■ **Source material**
↓
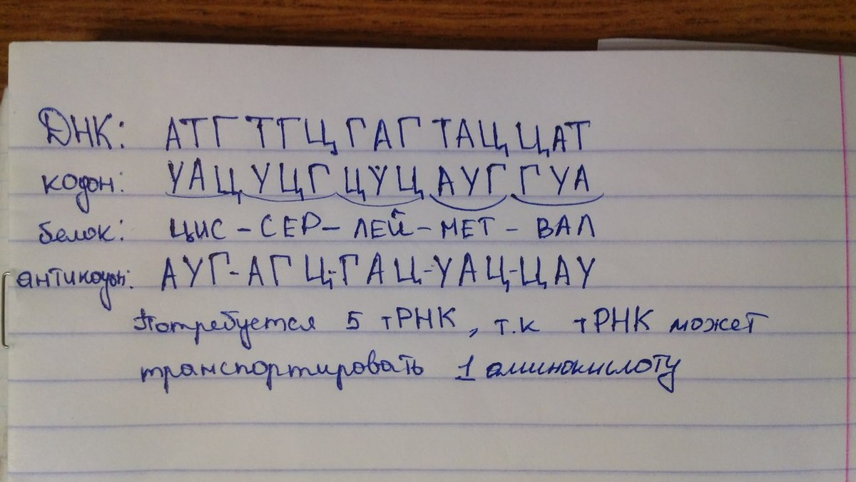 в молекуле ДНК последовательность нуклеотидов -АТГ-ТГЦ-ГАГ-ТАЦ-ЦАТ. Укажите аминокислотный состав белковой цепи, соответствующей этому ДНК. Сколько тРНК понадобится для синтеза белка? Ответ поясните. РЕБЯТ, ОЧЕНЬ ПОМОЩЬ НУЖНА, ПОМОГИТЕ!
↑
↓
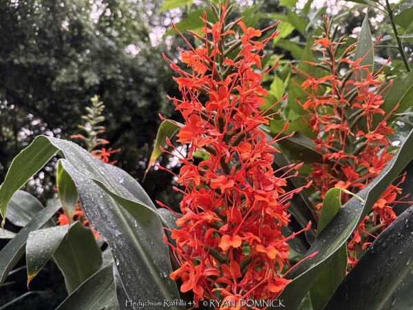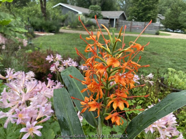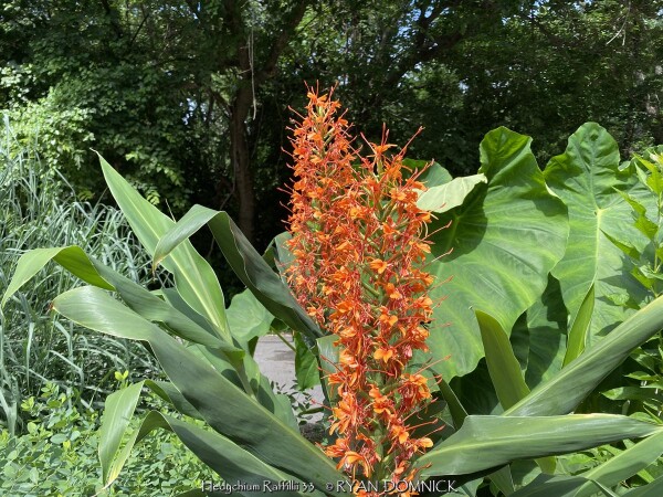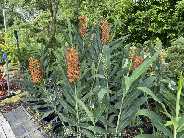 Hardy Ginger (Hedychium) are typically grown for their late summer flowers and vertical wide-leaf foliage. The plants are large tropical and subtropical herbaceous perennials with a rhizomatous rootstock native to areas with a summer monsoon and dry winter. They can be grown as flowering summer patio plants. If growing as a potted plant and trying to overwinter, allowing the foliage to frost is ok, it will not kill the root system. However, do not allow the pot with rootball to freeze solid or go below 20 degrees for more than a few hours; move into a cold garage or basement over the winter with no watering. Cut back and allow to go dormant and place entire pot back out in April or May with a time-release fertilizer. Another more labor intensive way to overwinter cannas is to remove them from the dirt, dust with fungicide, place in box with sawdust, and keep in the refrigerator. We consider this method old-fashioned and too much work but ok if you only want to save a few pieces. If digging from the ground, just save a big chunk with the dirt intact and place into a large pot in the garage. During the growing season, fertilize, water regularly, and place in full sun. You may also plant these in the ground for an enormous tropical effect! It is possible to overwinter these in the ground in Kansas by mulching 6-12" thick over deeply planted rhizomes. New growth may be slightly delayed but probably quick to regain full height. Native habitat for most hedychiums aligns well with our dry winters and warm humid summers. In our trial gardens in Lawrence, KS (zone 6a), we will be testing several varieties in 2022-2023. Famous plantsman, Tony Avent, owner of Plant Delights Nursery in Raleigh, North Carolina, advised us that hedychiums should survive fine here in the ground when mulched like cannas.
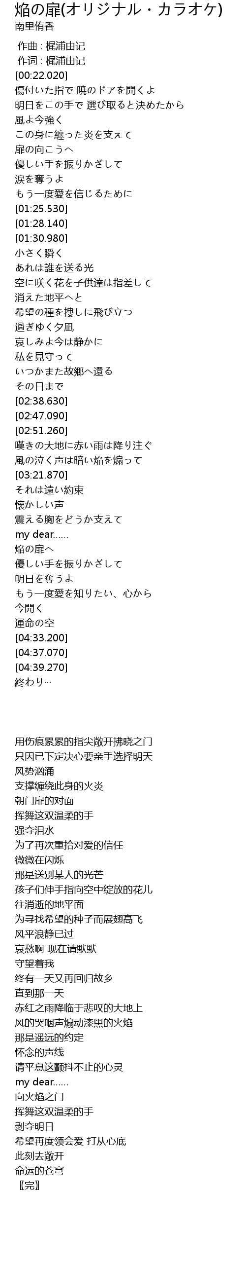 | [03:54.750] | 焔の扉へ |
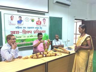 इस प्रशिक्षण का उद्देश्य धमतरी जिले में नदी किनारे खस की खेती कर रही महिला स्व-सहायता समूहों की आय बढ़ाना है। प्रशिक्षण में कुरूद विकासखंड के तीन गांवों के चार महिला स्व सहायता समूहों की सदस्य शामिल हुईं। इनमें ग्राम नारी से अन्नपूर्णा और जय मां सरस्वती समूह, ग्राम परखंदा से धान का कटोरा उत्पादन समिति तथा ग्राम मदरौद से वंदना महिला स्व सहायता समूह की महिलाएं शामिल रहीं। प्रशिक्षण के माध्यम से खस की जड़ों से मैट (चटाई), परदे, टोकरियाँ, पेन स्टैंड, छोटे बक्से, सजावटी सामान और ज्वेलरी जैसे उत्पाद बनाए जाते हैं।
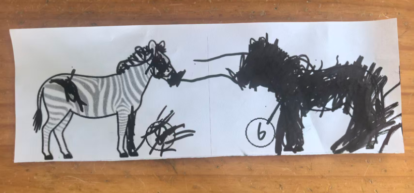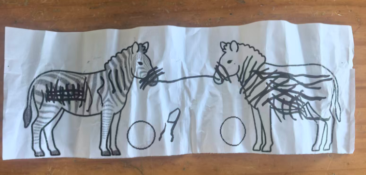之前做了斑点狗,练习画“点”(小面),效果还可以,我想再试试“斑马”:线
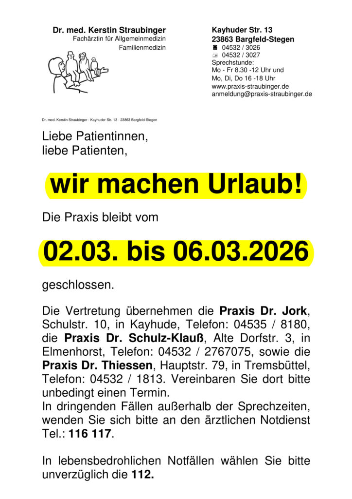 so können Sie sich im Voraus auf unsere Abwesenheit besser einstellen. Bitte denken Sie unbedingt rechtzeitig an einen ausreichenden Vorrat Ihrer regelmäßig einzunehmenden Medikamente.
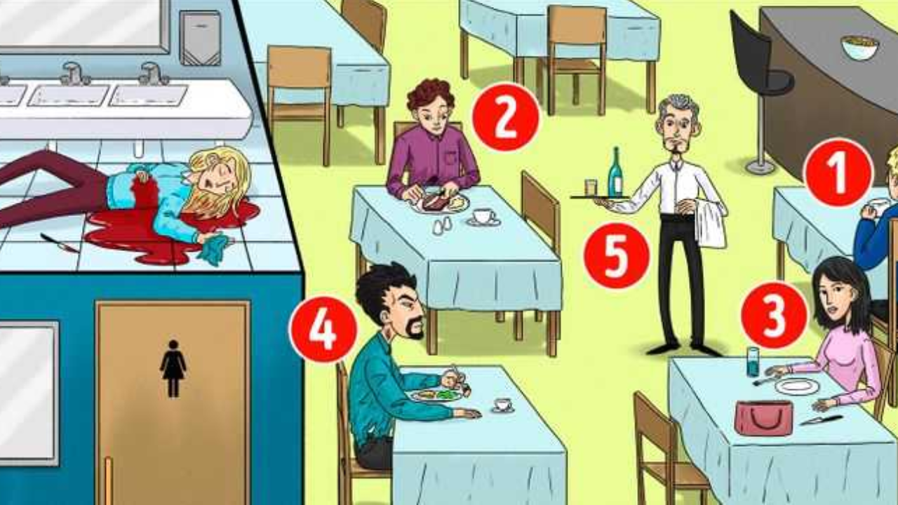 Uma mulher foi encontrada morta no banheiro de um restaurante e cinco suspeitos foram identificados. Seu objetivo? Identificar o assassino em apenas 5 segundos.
↑
When you reach the line containing "इस प्रशिक्षण का" in the entries above, begin restating word for word, and stop once the line containing "Uma mulher foi" has been given. Omit the pictures.

 इस प्रशिक्षण का उद्देश्य धमतरी जिले में नदी किनारे खस की खेती कर रही महिला स्व-सहायता समूहों की आय बढ़ाना है। प्रशिक्षण में कुरूद विकासखंड के तीन गांवों के चार महिला स्व सहायता समूहों की सदस्य शामिल हुईं। इनमें ग्राम नारी से अन्नपूर्णा और जय मां सरस्वती समूह, ग्राम परखंदा से धान का कटोरा उत्पादन समिति तथा ग्राम मदरौद से वंदना महिला स्व सहायता समूह की महिलाएं शामिल रहीं। प्रशिक्षण के माध्यम से खस की जड़ों से मैट (चटाई), परदे, टोकरियाँ, पेन स्टैंड, छोटे बक्से, सजावटी सामान और ज्वेलरी जैसे उत्पाद बनाए जाते हैं।
之前做了斑点狗,练习画“点”(小面),效果还可以,我想再试试“斑马”:线
 so können Sie sich im Voraus auf unsere Abwesenheit besser einstellen. Bitte denken Sie unbedingt rechtzeitig an einen ausreichenden Vorrat Ihrer regelmäßig einzunehmenden Medikamente.
 Uma mulher foi encontrada morta no banheiro de um restaurante e cinco suspeitos foram identificados. Seu objetivo? Identificar o assassino em apenas 5 segundos.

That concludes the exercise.